Resultant force, then motion.

Six original Cambridge-style questions on applying F = ma to a resultant force, on momentum and the rate-of-change form, on third-law pairs, and on mass versus weight.

Original questions All questions on this page are original work, written in the Cambridge AS & A Level style. They are not from past papers. They test the same concepts and skills the syllabus rewards.
Keep these straight

Find the resultant first.

01
Analysis
[2 marks]

A constant resultant force of 18 N acts on a 4.0 kg object initially at rest. Find its acceleration and its velocity after 5.0 s.

  • a = F / m = 18 / 4.0 = 4.5 m s⁻². ✓
  • v = u + at = 0 + 4.5 × 5.0 = 22.5 m s⁻¹. ✓
02
Analysis
[3 marks]

A 0.058 kg tennis ball is served, leaving the racket at 50 m s⁻¹ from rest. The racket is in contact with the ball for 5.0 ms. Find the change in momentum and the average force on the ball.

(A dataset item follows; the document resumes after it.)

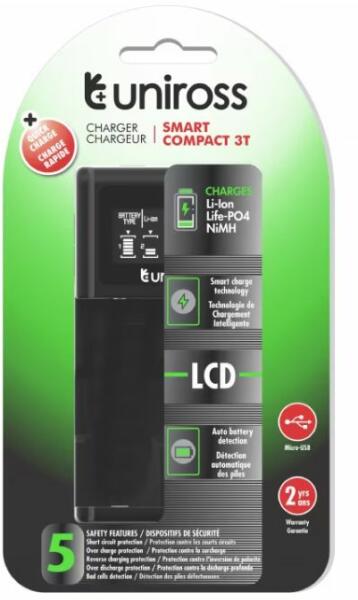 Két töltőfiókos ultrakompakt készülék az optimális töltési teljesítményért. Micro USB és szivargyújtós csatlakozó bemenet. Jól látható LCD kijelző a valós töltési információk megjelenítésére. Töltésvezérlés töltőfiókonként. Behelyezett elemek, hibás akkumulátorok automatikus felismerése. Rövidzárlat és fordított polaritás elleni védelem. Túltöltés e

  • Δp = mΔv = 0.058 × 50 = 2.9 kg m s⁻¹. ✓
  • F = Δp / Δt = 2.9 / (5.0 × 10⁻³) = 580 N. ✓
03
Analysis
[3 marks]

A 1200 kg car is towed by a rope. The driving situation gives a forward pull of 3000 N while resistive forces total 1800 N. Find the acceleration of the car.

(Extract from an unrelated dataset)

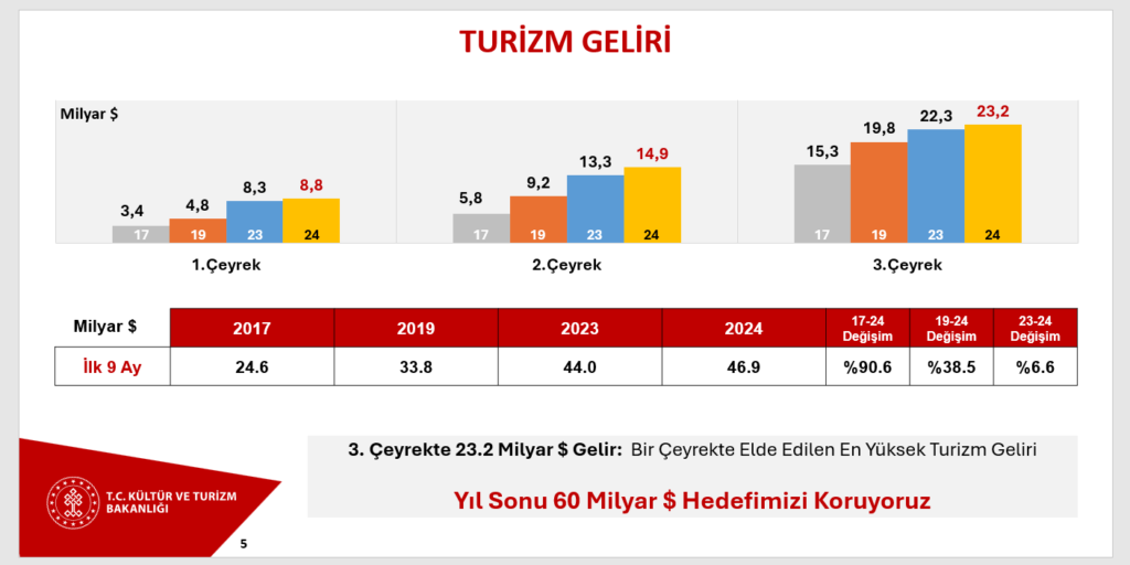 Turizm geliri ise temmuz, ağustos ve eylül aylarından oluşan üçüncü çeyrekte bir önceki yılın aynı çeyreğine göre yüzde 3,9 artarak 23 milyar 219 milyon 751 bin dolar oldu. Turizm gelirinin yüzde 14,7’si ülkemizi ziyaret eden yurtdışı ikametli vatandaşlardan elde edildi. Bu çeyrekte yapılan harcamaların 15 milyar 77 milyon 957 bin dolarını kişisel harcamalar, 8 milyar 141 milyon 794 bin dolarını ise paket tur harcamaları oluşturdu.

  • Resultant force = 3000 − 1800 = 1200 N. ✓
  • a = F / m = 1200 / 1200 = 1.0 m s⁻². ✓
04
Analysis
[2 marks]

A swimmer pushes backward on the wall of a pool and moves forward. State the Newton's third law pair to "the swimmer pushes backward on the wall", and explain how this makes the swimmer move.

  • The pair is "the wall pushes forward on the swimmer", equal in size and opposite in direction. ✓
  • This forward force from the wall is the resultant push on the swimmer, so by F = ma the swimmer accelerates forward. ✓
05
Analysis
[3 marks]

An astronaut has a mass of 80 kg. Taking g = 9.8 N kg⁻¹ on Earth and g = 1.6 N kg⁻¹ on the Moon, find the astronaut's weight in each place, and state the mass on the Moon.

  • On Earth: W = mg = 80 × 9.8 = 784 N. ✓
  • On the Moon: W = 80 × 1.6 = 128 N. ✓
  • Mass is unchanged at 80 kg; only the weight differs because g differs. ✓
06
Analysis
[3 marks]

A 0.50 kg ball moving at 4.0 m s⁻¹ is struck and moves off at 4.0 m s⁻¹ in the opposite direction. Find the magnitude of the change in momentum, and explain why it is not zero even though the speed is unchanged.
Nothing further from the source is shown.